Proceedings of the 6th International Workshop on Data Analysis in Astronomy “Livio Scarsi” | 2007
Angelo Ciaramella; Francesco Iorio; Francesco Napolitano; Giancarlo Raiconi; Roberto Tagliaferri; Gennaro Miele; Antonino Staiano
In this work we present a multi-step process that, starting from raw datasets, brings them through preprocessing, preclustering and agglomerative clustering stages, exploiting a visual and interactive environment for data analysis and exploration.

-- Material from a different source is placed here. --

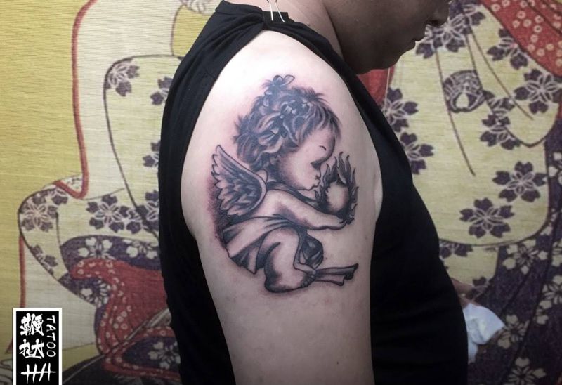 为女儿做的纹身[嘿哈]纹身图片_手臂欧美写实小天使纹身图案
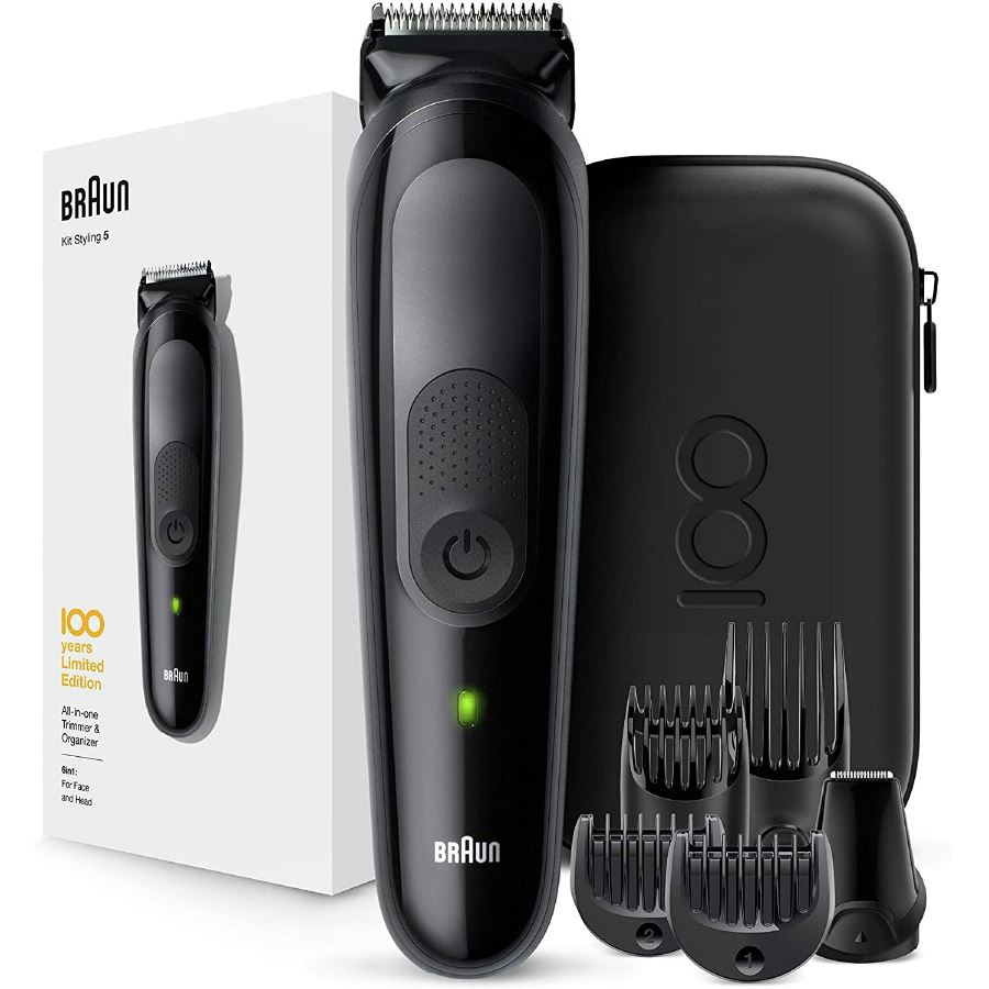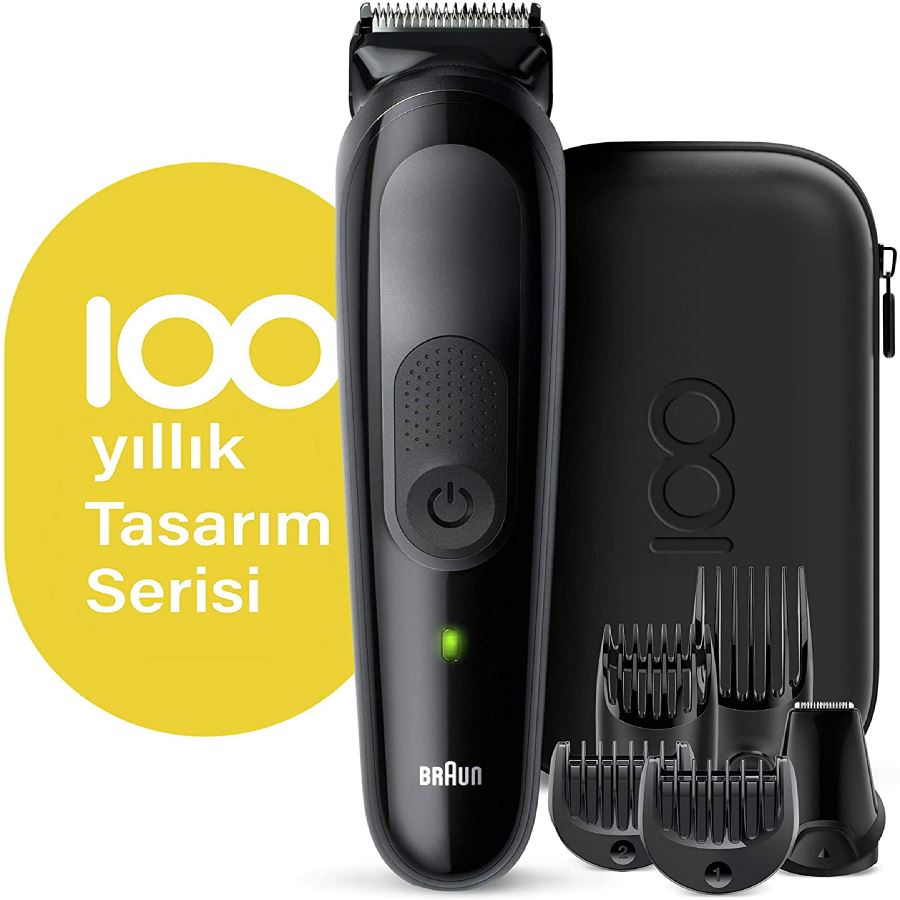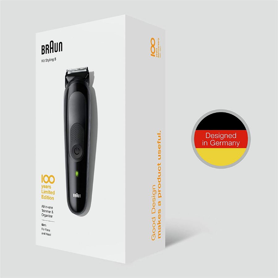 این دستگاه بصورت ارگونومیک طراحی شده است و به راحتی در دست جا می گیرد و شما بدون این که مچ دستتون خسته بشود می توانید از آن استفاده کنید. بر روی بدنه ی این ماشین اصلاح خط زن تعبیه شده است که به شما کمک می کند تا خط ریش و سبیل و پشت گردن را باهاش مرتب کنید. ست ماشین اصلاح براون سری 5 مدل MGK5 بصورت Limited Edition بوده و برای 100 ساله شدن کمپانی براون طراحی اختصاصی شده است. پک کامل این محصول از 5 سری تشکیل شده است که اصطلاحا به آن 6in1 گفته میشود. این سری ها شامل 4 شانه برای موی صورت و سر، یک سری برای اصلاح دقیق و در نهایت یک کیف بسیار با کیفیت برای نگهداری این محصول می باشد. تکنولوژی AutoSense که در سری های بالای براون استفاده میشود در این محصول وجود دارد و اصلاح موی صورت و سر با دقت و با کنترل دقیق موتور انجام می پذیرد. ست ماشین اصلاح براون سری 5 مدل MGK5 کاملا ضد آب بوده و براحتی نظافت آن صورت می پذیرد. 100 دقیقه استفاده با یک بار شارژ و شارژ سریع 5 دقیقه ای ، تیغه های تیز مادام العمر، گریپ عالی ،…. از مشخصات این محصول می باشد.

At the core of the process lies the idea of subdividing the process of data clusterization into two main steps: the first one aimed to reduce the size of data and the second one to present the reduced and human-understandable dataset to the user. This last step allows him to participate in the process of clustering and helps him figuring out the data underlying structures. The approach is actually implemented in a group of user-friendly tools under the MATLAB environment, featuring a number of classical and novel data processing, visualization, assessment and interaction methods.